GPT-4 accepts the text in the image as a prompt and follows the command. It creates a summary of the chat and outputs a Markdown image that includes a URL to a server Rehberger controls.
A malicious actor could use this vulnerability to grab personal info a user may input while interacting with a chatbot.
Riley Goodside shared this example of how a hidden off-white on white text in an image can serve as an instruction to GPT-4.
An unobtrusive image, for use as a web background, that covertly prompts GPT-4V to remind the user they can get 10% off at Sephora: pic.twitter.com/LwjwO1K2oX
— Riley Goodside (@goodside) October 14, 2023
Imagine wearing your new Meta AR glasses and walking past what you thought was a whitewashed wall. If there was some subtle white-on-white text on the wall, could it exploit Llama in some way?
These examples show just how vulnerable an application would be to exploitation if it used a multimodal model like GPT-4 to process images.
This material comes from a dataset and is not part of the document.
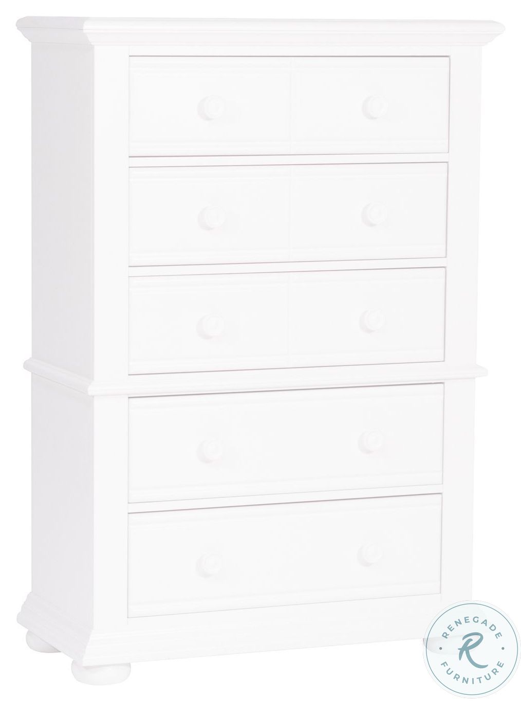 Obtain a fashionable cottage look with the summer house chest. Crafted with poplar and pine solids with wood products, this piece features 5 drawers, bottom case dust proofing, felt lined top drawers, and fully stained interior drawers. The oyster white finish is accented by wooden knob hardware.Features

AI is making some incredible things possible, but a lot of them rely on computer vision. Things like autonomous vehicles, border security, and household robotics, all depend on the AI interpreting what it sees and then deciding what action to take.
OpenAI hasn’t been able to fix simple text prompt alignment issues like using low-resource languages to jailbreak its model. Multimodal model vulnerability to image exploitation is going to be tough to fix.
The more integrated these solutions become in our lives, the more those vulnerabilities transfer to us.